* [Input data]
* * * * * * *

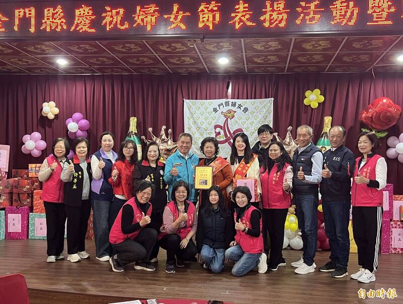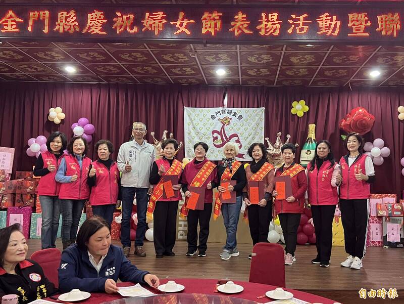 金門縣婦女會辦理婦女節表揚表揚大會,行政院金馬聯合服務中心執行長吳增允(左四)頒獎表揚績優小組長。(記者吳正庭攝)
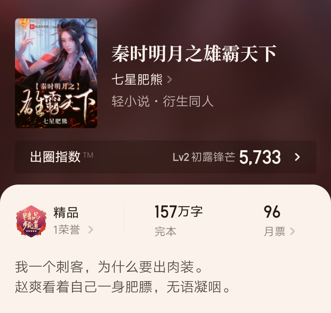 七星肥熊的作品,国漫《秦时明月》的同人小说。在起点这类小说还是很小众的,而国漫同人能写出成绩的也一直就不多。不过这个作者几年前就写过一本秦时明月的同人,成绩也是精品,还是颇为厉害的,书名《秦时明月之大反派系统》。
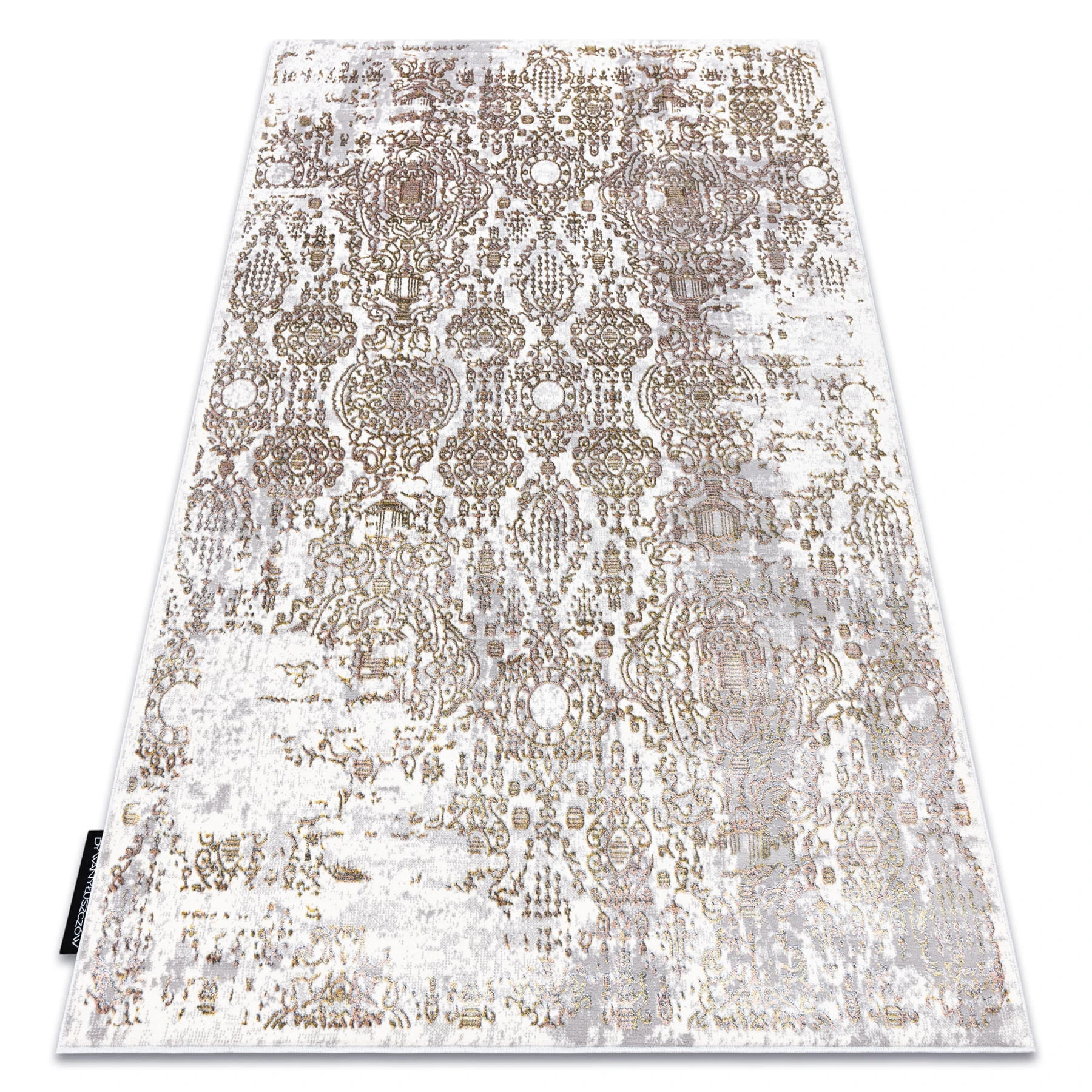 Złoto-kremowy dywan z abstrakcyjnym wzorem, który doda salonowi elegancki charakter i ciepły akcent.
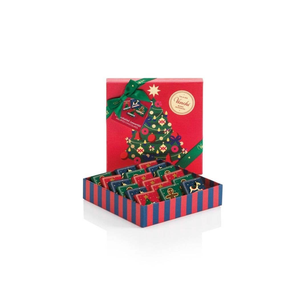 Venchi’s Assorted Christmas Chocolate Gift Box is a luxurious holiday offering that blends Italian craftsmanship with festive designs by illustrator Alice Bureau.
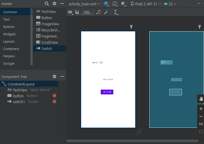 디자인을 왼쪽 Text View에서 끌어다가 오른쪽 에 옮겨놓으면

* * * * * * *

* [Exercise directions]
An exact copy of the records above is needed, with the pictures removed.

* [Exercise solution]
 金門縣婦女會辦理婦女節表揚表揚大會,行政院金馬聯合服務中心執行長吳增允(左四)頒獎表揚績優小組長。(記者吳正庭攝)
 七星肥熊的作品,国漫《秦时明月》的同人小说。在起点这类小说还是很小众的,而国漫同人能写出成绩的也一直就不多。不过这个作者几年前就写过一本秦时明月的同人,成绩也是精品,还是颇为厉害的,书名《秦时明月之大反派系统》。
 Złoto-kremowy dywan z abstrakcyjnym wzorem, który doda salonowi elegancki charakter i ciepły akcent.
 Venchi’s Assorted Christmas Chocolate Gift Box is a luxurious holiday offering that blends Italian craftsmanship with festive designs by illustrator Alice Bureau.
 디자인을 왼쪽 Text View에서 끌어다가 오른쪽 에 옮겨놓으면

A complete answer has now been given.